BrainStorm Preps for Type A NurOwn Meeting, Shakes Up C-Suite
BrainStorm Co-CEO Stacy Lindborg, Ph.D./courtesy of BrainStorm Cell Therapeutics
BrainStorm Cell Therapeutics concluded 2022 on a cautiously optimistic note as the FDA granted a Type A meeting to discuss the refuse to file letter it served the Israel and New York-based biotech in November for its ALS hopeful, NurOwn.
The meeting is scheduled to take place on Jan. 11th.
BrainStorm is seeking an advisory committee meeting. For context, ALS competitor Amylyx’s Relyvrio (formerly AMX0035) enjoyed the benefit of not one, but two adcomms prior to its September approval.
BrainStorm believes an adcomm would “serve as an important part of the review process and…provide an open forum for BrainStorm, together with medical experts, statisticians, patients and other members of the ALS community to discuss the body of clinical evidence supporting NurOwn,” Chaim Lebovits, BrainStorm CEO, said in a statement.
The clinical profile of NurOwn, a therapy made up of autologous mesenchymal stem cells (MSC) and neurotrophic factors (NTF), is what appears to be in question at the FDA.
Highlights from the nearly three-year regulatory saga include:
- A high placebo response: In the Phase III trial, NurOwn hit the primary treatment response endpoint, with 34.7% of therapy recipients seeing an improvement of 1.5 points per month. However, the placebo response of 27.7% exceeded those of others observed in contemporary ALS trials.
- A pre-specified subgroup of patients with early-stage disease achieved a meaningful response (34.6%) across all primary and secondary endpoints. This was compared to 15.6% in the placebo group.
- A correction posted by BrainStorm in August to the initial trial results published in Muscle and Nerve. The adjustment resulted in a statistically significant treatment difference of 2 points in average change from baseline on the ALSFRS-R scale.
Despite hopes that the correction would buttress NurOwn’s case, the FDA appeared not to agree, handing down an RTF letter for NurOwn in this indication. The therapy is also being assessed in a Phase II trial in progressive multiple sclerosis.

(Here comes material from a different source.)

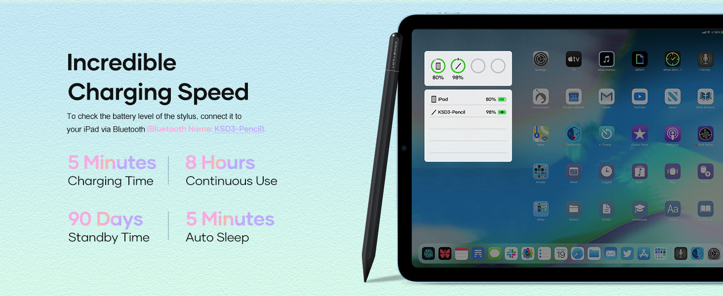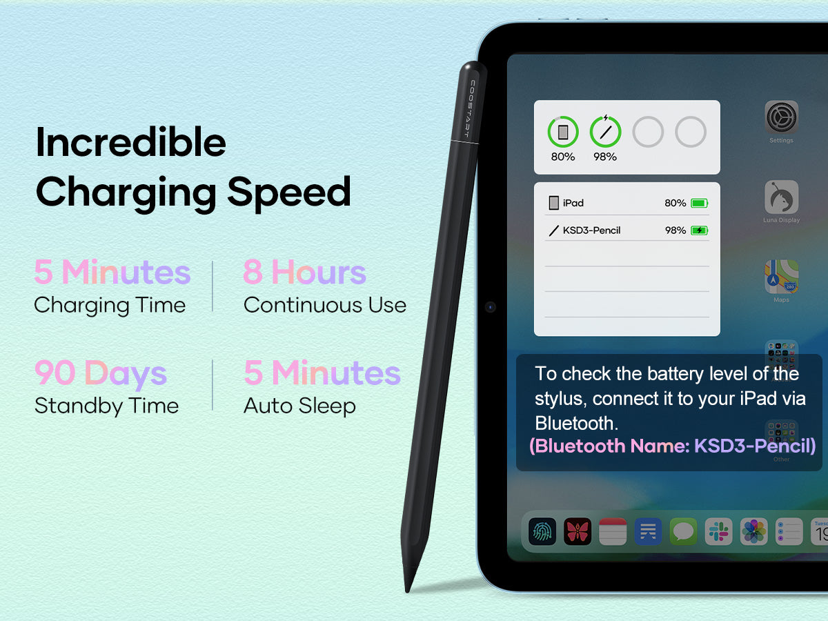 • 5-Minute 100% Charged & Long-Lasting: This stylus pen for iPad offers up to 8-10 hours of continuous use with just 5 minutes of charging. It automatically shuts off after 5 minutes of idle time and provides a standby time of up to 90 days. Once it is connected to the iPad via Bluetooth, you can check the stylus's battery level on the iPad's widget

In the company’s Q3 earnings call, Lebovits said it was clear the regulator still sought “substantial evidence defined by statistically significant results as measured by the endpoints of the Phase III trial.”

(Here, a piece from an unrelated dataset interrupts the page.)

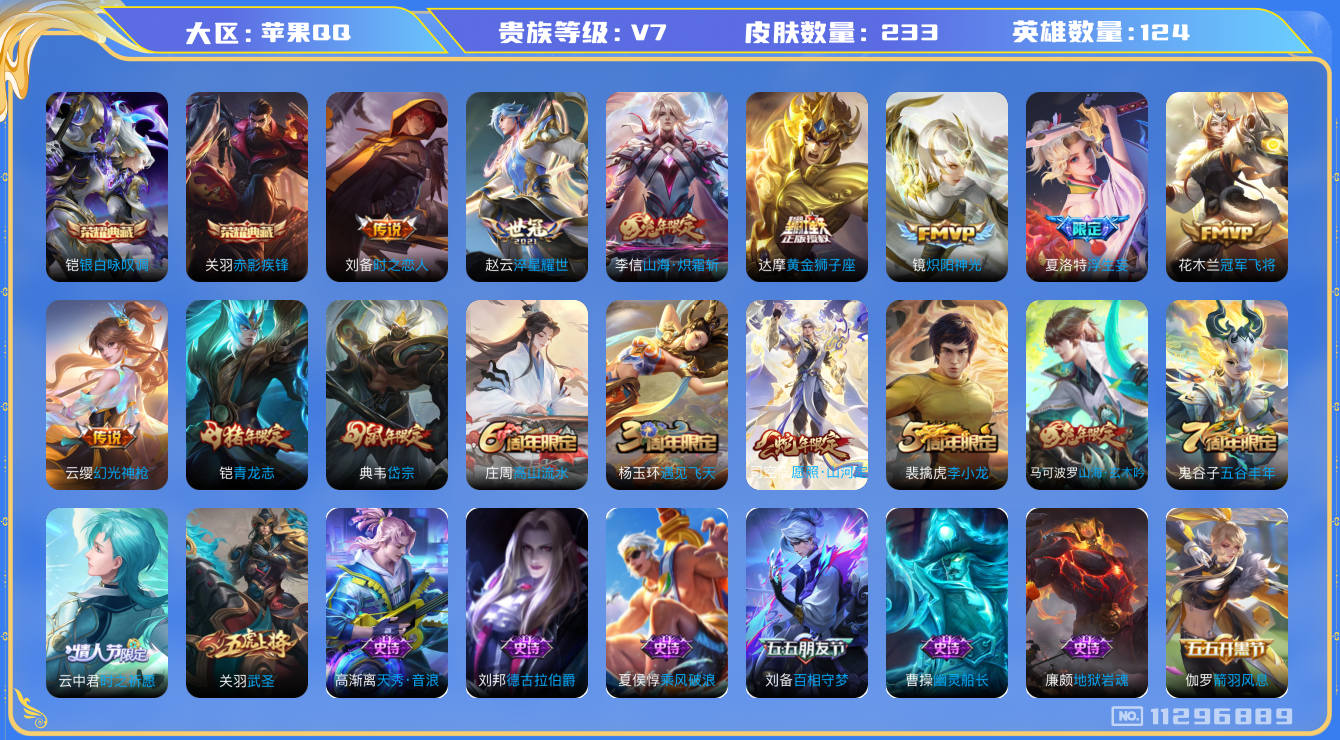 [11296889]V7 2典藏 10传说 124英雄 233皮肤 可修改实名 优质装备:赤影疾锋,银白咏叹调(倪克斯侍卫),黄金狮子座,冠军飞将,炽阳神光,时之恋人-刘备(电焊工),淬星耀世,山海·炽霜斩(李信年限),浮生妄 传说皮:幻光神枪 珍宝阁皮:妄想食味,女武神 限定皮:愿照·山河定(司空震年限),遇见飞天,高山流水,五谷丰年,青龙志(铠年限),武圣,岱宗(典韦年限),李小龙,时之祈愿-云中君,山海·玄木吟(马可年限) 史诗皮:茶境仙,器灵·浮梦炉,鸭鸭历险记-刘禅,龙之律动,电玩小子(小书包),百相守梦(刘备),真我赫兹(镜),江河有灵,蒙恬荣光圣徽,末日机甲-吕布,乱世虎臣,修罗,摇滚巨星,水果甜心,天才门将,星夜王子,功夫厨神,德古拉伯爵,幽灵船长,鬼剑武藏,心灵战警,乐园奇幻夜,地狱岩魂,乘风破浪,逐浪之夏,水晶猎龙者,箭羽风息,金属风暴,鹰眼统帅,魅力维加斯,黎明之约,赏金猎手,天秀·音浪,无心,未来纪元-赵云

The RTF sparked frustration from some patient advocacy groups like Stevens Nation, which stated the FDA’s position “ignores the vast evidence of efficacy and denies both the company's and patients' rights of due process.” The group further stated it believes the RTF does not adhere to FDA's own guidance.
In 2019, the FDA implemented the Guidance Document for ALS, which emphasized the regulator’s willingness to "exercise regulatory flexibility" for the "critical unmet need" in ALS.
The FDA doubled down on that commitment in June 2022, when it released the “Action Plan for Rare Neurodegenerative Diseases, Including ALS.”
The five-year strategy aims to advance the development of safe and effective medical products and facilitate patient access to novel treatments. The FDA called it a blueprint for how the agency would “move forward aggressively” to this end.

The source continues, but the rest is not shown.